# Difference between revisions of "An efficient algorithm exists if Cramer's conjecture holds"

Cramer's conjecture asserts that for sufficiently large n there is a prime between n and $n+C(\log n)^2$. This conjecture is plausible if you believe that when you pick a random integers m near n, then the events "m is prime" are roughly independent. In that case, the number of primes between n and $n+C(\log n)^2$ should have a Poisson distribution with mean $C\log n$ (by the prime number theorem), which means that the probability of getting no prime will be around $\exp(-C\log n)$. If we take C to be greater than 2, then the sum $\sum_{n=N}^\infty n\exp(-C\log n)=\sum_{n=N}^\infty n^{1-C}$ converges to around $N^{2-C}$, so we expect there to be no values of n greater than N for which Cramer's conjecture fails.
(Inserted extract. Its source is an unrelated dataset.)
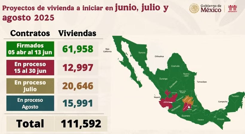 El funcionario indicó los proyectos de vivienda a iniciar para los meses de junio, julio y agosto. En total serán 111 mil 592.

If Cramer's conjecture is true, then from that and the fact that primality testing is in P it follows instantly that there is a polynomial-time algorithm for finding a k-digit prime. You just search through all the integers from $10^{k-1}$ to $10^{k-1}+Ck^2$, testing each one for primality in time p(k). This interval is guaranteed to contain a prime, so the algorithm terminates after at most $Ck^2p(k)$ steps.
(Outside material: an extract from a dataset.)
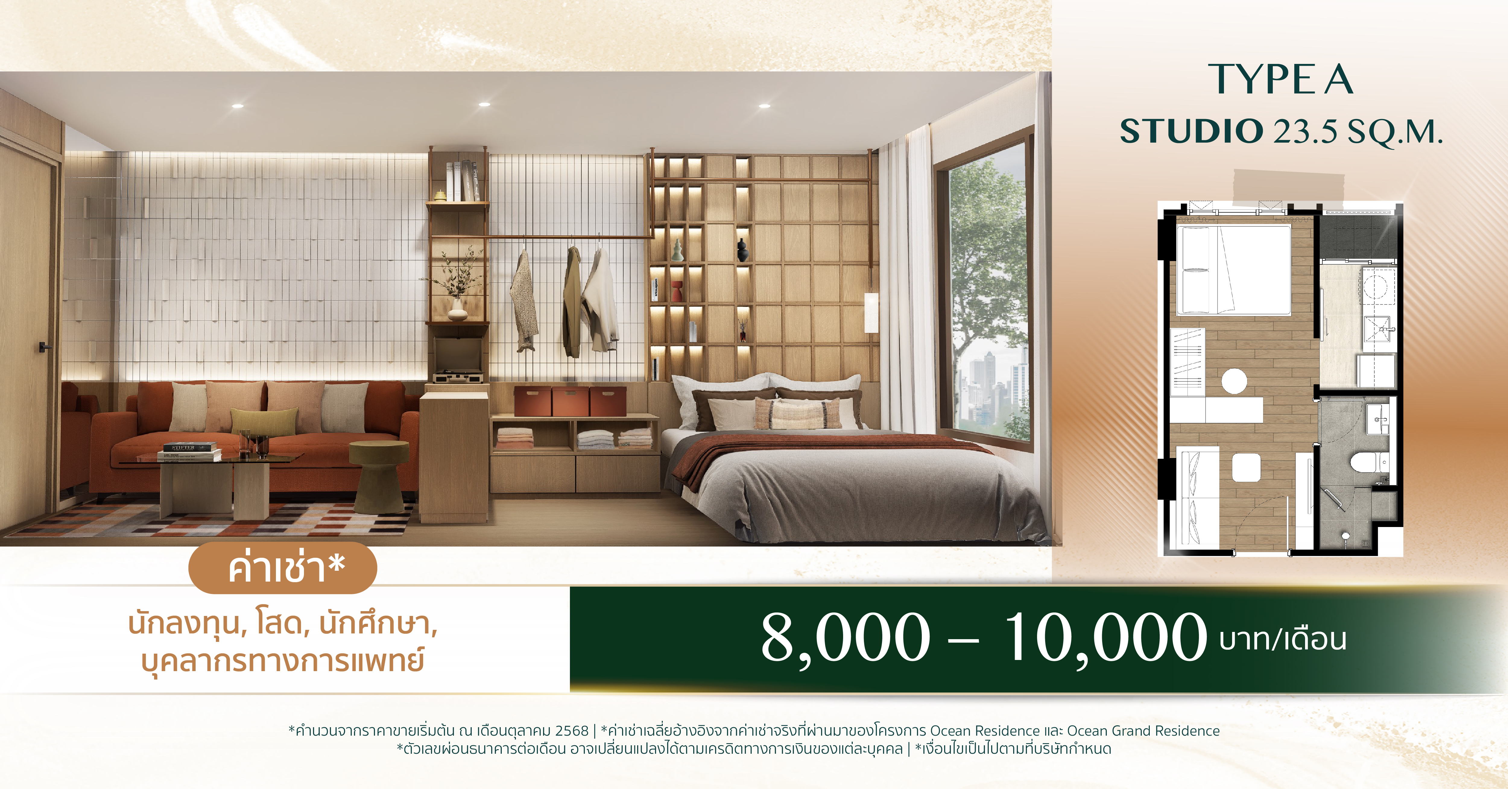 ค่าเช่าโดยประมาณ 8,000 – 10,000 บาท/เดือน

Needless to say, we could increase the security of the above approach by using the weaker conjecture that there is a prime between n and $n+(\log n)^{1000}$. Unexpected phenomena do sometimes occur in the distribution of primes [reference needed to Maier's work here], so using a higher power would make the conjecture more robust. But it would still be way beyond what anyone knows how to prove.